Chevroches, Canal du Nivernais

Sunday 12 July 2015

Out onto the River






We are about to descend 10 metres onto the River Saone. The final lock of 61 (in 114km) on the Canal du Centre. It's been a bit of a hard slog particularly for our crew flying from a balmy Scottish summer (highs of around 20 and the distinct probability of rain) into a week of temperatures just shy of 40. Libby and Brian you were brilliant. We'll have medals ready for you but only if you come back again next year.
The Crew at Santanay- still standing!

Before picking up our brave crew in Digion we detoured along the 50km  Canal de Roanne. We have previously missed out this canal as it terminates at Roanne and so necessitates retracing the same route within days.

Extremely leaky lock gates


The canal is quite rural and pleasant with some 'interesting' lock approaches requiring a bit of driving skill (says skipper) or plain luck to get through the cross currents and avoid bouncing off the stone walls.
Helping the lock keeper, Canal de Roanne


Roanne Port

Roanne was once an important Loire port and has a huge basin - 800m x 80m - and very popular with people from all over the world who live aboard their boats over the winter. Most are away cruising during the summer but apparently there is a lively social life to he had over the winter months. Unlike some other winter mooring ports in France, Roanne has lots of shops and restaurants as well as a station. It is also relatively cheap for long term moorings.
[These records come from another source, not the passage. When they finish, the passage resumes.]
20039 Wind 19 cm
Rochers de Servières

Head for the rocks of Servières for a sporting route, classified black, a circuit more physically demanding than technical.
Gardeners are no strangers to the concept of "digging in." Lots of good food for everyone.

After Roanne our next major stop was at the small town of Digoin which is the beginning of the Canal du Centre. Digoin is notable for its lovely aqueduct over the River Loire and also the storks which nest every year on top of the church tower in the middle of town. The parents return from the river to the nest every evening and everyone sitting at the cafes around the square waits expectantly and gets quite excited when then arrive.
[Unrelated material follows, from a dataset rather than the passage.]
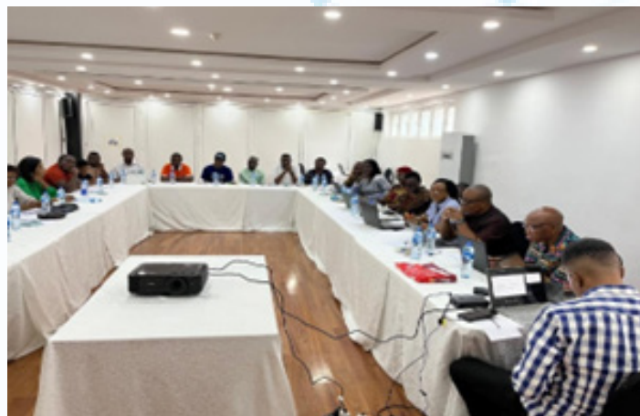
Figure 3: On the left: CBR Facilitators and staff. On the right, are Participants and facilitators during an interactive session at the Weekend Retreat of the diploma program.

Digoin was holding a Petanque festival while we there and the huge park beside the river was filled with hundreds (it seemed) of simultaneous games which one of us rashly tried to ride a bike through... Fortunately no upset was caused or boules hurled at the perpetrator.
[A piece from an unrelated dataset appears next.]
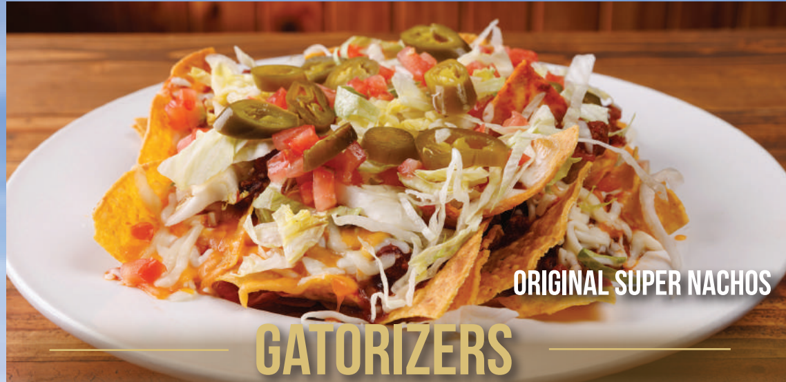
ORIGINAL SUPER NACHOS

As with many towns in France there were also musicians playing open air concerts. A couple of weeks ago we were in Decize at Midsummer which is the night that the whole of France celebrates its Fete de la Musique and anyone who has any type of musical instrument at all picks it up, bags a spot in the town or village and plays. No particular ability required just enthusiasm and a love of music. Having said that we have seen some excellent performers.